Aquellas son del Vierço las montañas

y aquestas puntas altas y vermejas

sus Médulas serán, cuyas entrañas

solían vomitar oro entre las rexas .

En 2000 publicó José Antonio Llamas su libro de poemas Ruina Montium , dedicado «a Publio Virgilio Maron, contemporáneo de la «arrugia», y, como tantos, también desposeído». El propio poeta refiere brevemente el método romano de extracción del oro en Las Médulas, para añadir su visión crítica personal, en la que entran factores éticos y hasta elegíacos: «Cada cual puede considerar estos y otros sucesos a su antojo. El autor, en cambio, ha decidido rememorar la oscura trampa de las civilizaciones y la codiciosa voracidad del tiempo». En el poemario, imbricado en un ámbito natural muy querido por el poeta (montes, bosques, hayedos, abesedos, piornos, rebecos...), Las Médulas no son tema poético, sino símbolo del transcurso de las generaciones y del propio poeta, cuya labor semeja la de los esclavos que, a riesgo de su vida, buscaban el oro arañando la tierra.
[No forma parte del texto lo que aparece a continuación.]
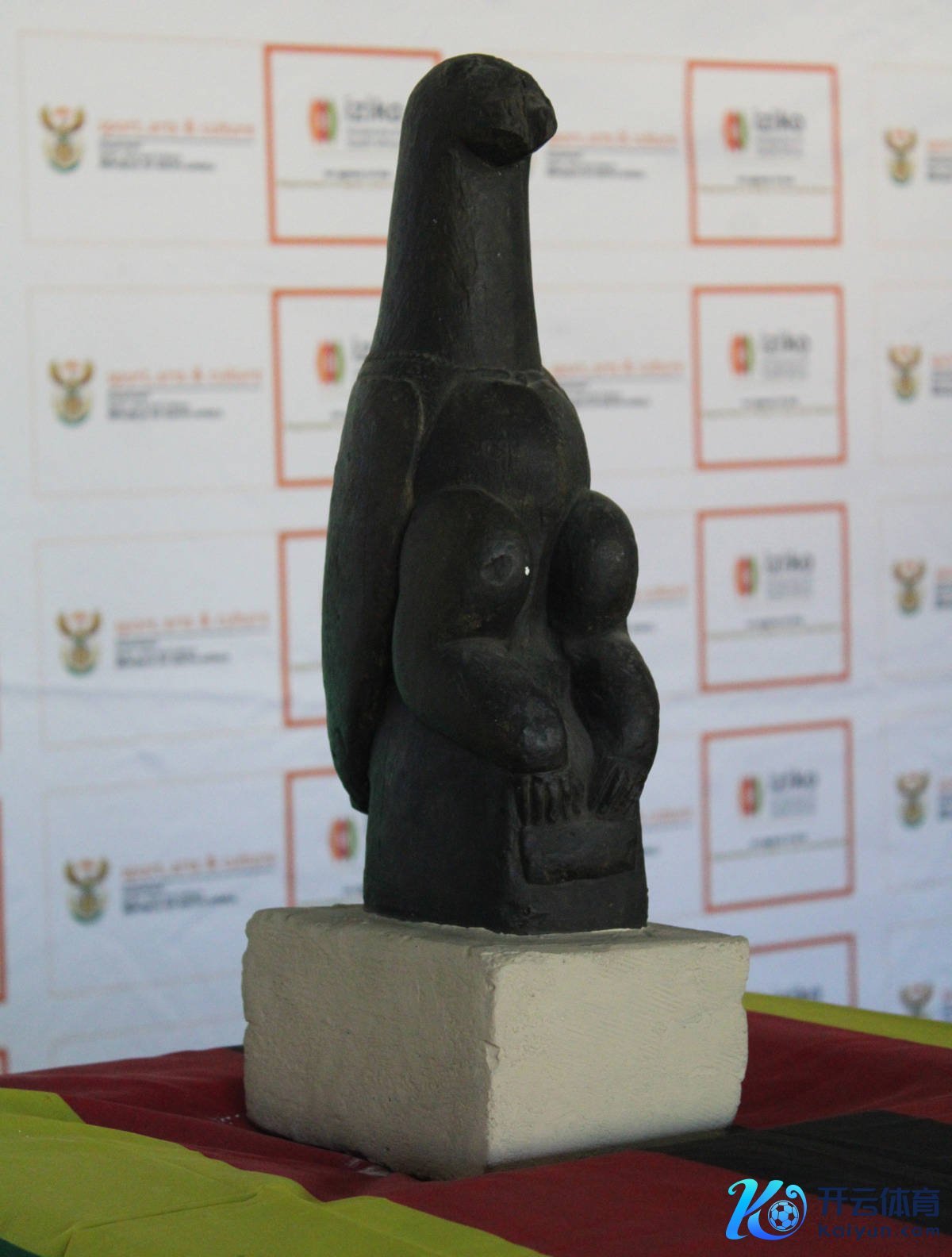 这是4月14日在南非开普敦的伊王人科南非博物馆拍摄的“津巴布韦鸟”石雕。新华社发(沙姬拉·泰比摄)

Las Médulas son el referente poético directo en un poema del alicantino Antonio Porpetta, nacido en 1936, poeta de clasicismo interior y finura de expresión y sentimientos. Uno de sus poemarios es Meditación de los asombros (1981), cuyo estímulo es la memoria histórica y el tono elegíaco. A él pertenece el poema que lleva como título «Restos de las explotaciones auríferas romanas de Las Médulas (León)»: la visión del monte arruinado («bronco drama el paisaje», «los despojos de esta tierra crispada») se conjuga con la evocación histórica y sentimental del «mudo duelo» de los esclavos y con el tono elegíaco adoptado:

Bronco drama el paisaje, mudo duelo

en la ultrajada montaña,

resecas nervaduras, lejanía

de abatidos titanes,

roja desolación en los despojos

de esta tierra crispada.

Y un latido

de tragedia remota que aún respira.

Lento fue el cataclismo:

torvamente

la sangre iba cubriendo los alcores,

imponiendo su estigma,

la codicia

avanzando caminos de gangrena

por los secretos túneles.

Dicen que fueron

sesenta mil penumbras

mordiendo la montaña y sus escorias,

sesenta mil anónimas tristezas,

esperanzadas muertes

en cósmico dolor acumulando

su carga de exterminios,

gesto inmóvil

de hambrientas alimañas,

hondo invierno de miedos.

Algún día,

consumada la herida y sus injurias,

las impolutas clámides

iniciaron su éxodo

para cumplir con su imperial destino.

Todo se destruyó:

sólo quedaron

sesenta mil miradas sin aurora

en las cuencas vacías.

Y este mismo silencio

que hoy nos turba y nos rasga y nos invade

las escondidas médulas del alma

como un amargo llanto de clepsidras.

Bronco drama el paisaje,

mudo duelo.

El mundo de las leyendas

Hay otra literatura sólo modernamente fijada por escrito, una literatura oral y secular que ha discurrido en forma de leyendas. Afirmaba Castaño Posse que «la sencilla y supersticiosa gente del país me pintaba aquel paraje como lleno de extrañas cavernas habitadas por duendes y otras raras creaciones de su imaginación». No es extraño, dadas las formas caprichosas de los montes del oro y de sus cuevas, adornadas unas y otras con las historias sobre romanos y moros que a lo largo del tiempo intentaron explicar legendariamente el origen del monte minado y de sus picos encendidos. La literatura oral tiene características propias: se trata de leyendas sin origen conocido, anónimas, contadas en «filandones», «fiandones» o «fiandeiros» y transmitidas de generación en generación, con variaciones, supresiones y ampliaciones que han ido matizando el relato a lo largo del tiempo. La memoria y la repetición son la frágil sustentación del relato oral que, después, distintos viajeros han cifrado por escrito.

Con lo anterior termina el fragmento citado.